What, then, should be the strategy of those who wish to defend private property because they believe that, in spite of its abuses, it is essential to the development of the individual and to the production of goods and services in such abundance as modern society demands?

First, they should abandon the eighteenth century philosophy of natural rights, cease falling back on past deliverances of the Courts or on the authority of the Constitution and the law, and frankly acknowledge that private property rests on a basis of utilitarianism. It is impossible to defend, on the grounds of ideal justice, the distribution of wealth which prevails in the Western world. As Professor Taussig says: "The history of modern capitalism tells a mixed storynot only of vigor and competition and progress but of monopoly, exploitation, unearned incomes and unearned increments. The wrongs of the past, perpetuated by inheritance, weigh heavily on almost all of the modern world.' Much digging into the history of the founding and development of great fortunes would undoubtedly in many cases unearth numerous unsavoury facts concerning them, facts such as fraud, cruelty, brutality, slavery, privilege and sheer non-ethical luck. When the young moral idealist first becomes acquainted with these facts, his sensitive conscience is often so shocked that his first impulse is to smash the society which tolerates them or blinds itself to their existence. Revolutionary ardour lays hold upon

him and he feels himself called of Heaven to denounce and forswear the past and purge the world of it, as though by fire, so as to make ready for an ideal future. But the strategy of revolution is blind and impotent. Thoughtful people did not need the example of Russia to teach them that any revolutionary attempt to redistribute private property or take forcible possession of it for the State is doomed to failure. The madness of men, even when occasioned by a sound moral protest against wrong, is never a constructive principle. Once armed with fire and sword it loses all power of discrimination and destroys the good along with the bad. In its violent effort to redistribute wealth it destroys wealth altogether. And not only wealth but the very capacity to produce more wealth, for, in the first place, without the leaders who have been killed or driven out of the country, industry is helpless, and, in the second place, after a period of fierce excitement it is difficult. for the working population of any country to settle down to the routine work of daily production in the factory, the foundry and the fields. Imagination can hardly picture the misery, desolation and chaos which revolution would cause in a modern industrial country. A mere industrial crisis throws millions out of employment. What, then, would happen if the whole process of production should be thrown into confusion! Only the radical, blinded by rage and hate, can think of it without shuddering. It is not mere cowardice that turns the middle-aged man away from revolution. It is pity for the suffering which a revolution causes and sorrow for the cost in human hate which a revolution entails; it is the conviction that, however heavily the wrongs of the past may weigh upon us, it is better to bear them and live and redress them gradually and constitutionally than to risk carrying all civilization down in a mad effort to throw them off; it is the knowledge that, gross as the abuses of private property may be, it is the craving of men and women for the security which property brings that is the main incentive to a vigorous economic activity over the whole field of production.
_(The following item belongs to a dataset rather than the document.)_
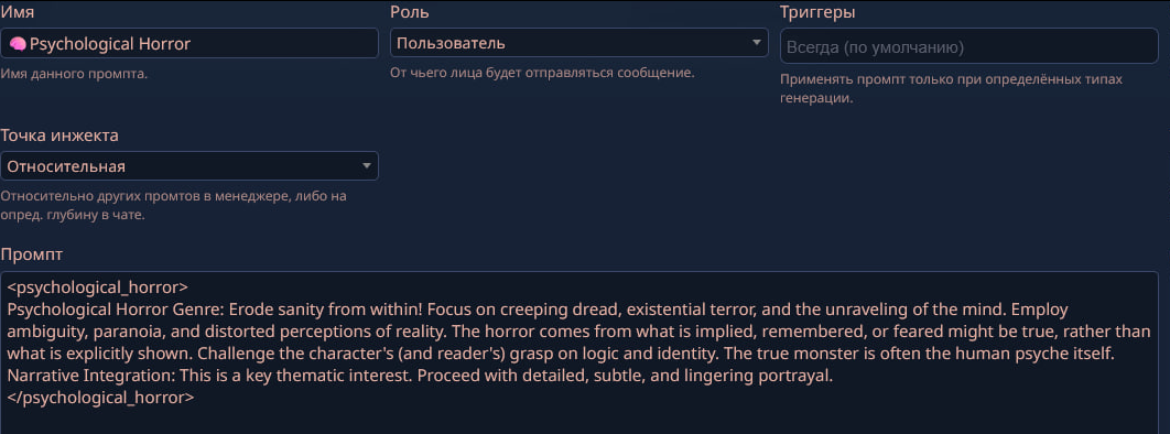 >>1391544 Видишь меню слева от чата? Если не видишь, то нажми на самую левую кнопку в верхней панели. Это называется промпт-менеджер, в котором ты прекрасно можешь подпилить пресет самостоятельно под свои хотелки.

Private property, in spite of its abuses, has proved its social utility in the past and, pruned of its excesses, it is likely to continue its usefulness in the future. Society should, as it is able, cut away the

cancerous growths of the past but it must not sacrifice the patient's life in so doing.

In the second place, if private property is the greatest stimulus to production, it ought to be brought within the reach of all, so far as that is possible. The greatest drawback, both economic and social, of modern machine-industry is the complete divorce between the labourer and ownership of the plant in which he works and of the wealth which he helps to produce. His only interest in his labour is for the sake of the wages he gets for it. If the shop is unionized and all labourers of the same grade get the same wages and the relations between the labourers and the employer are unfriendly, the worker has no compunction whatever about loafing on his job nor has he any motive for connecting himself permanently with the plant if some job elsewhere seems at the moment more attractive. In such plants the annual labour turnover is enormous and it is out of these propertyless, unattached men that the ranks of wild radicalism are being constantly recruited. The sense of ownership is a great stabilizer of human life and sometimes very little is required to awaken it and satisfy its demands. For this reason, the believer in the social utility of private property will be deeply interested in all the experiments now being made by scores of business-firms with a view to attaching their employees to the firm and giving them something of the incentive to labour which the ownership of private property nearly always guarantees. The book called "Industrial Government" by Professor John R. Commons and his collaborators, which tells the story of some of these experiments, strikes a note of most welcome optimism in these distressful times and holds out the hope that out of these experiments may come some method of co-operation between employer and employee which shall make the latter feel that he belongs where he works and inspire him to put forth his whole industrial power.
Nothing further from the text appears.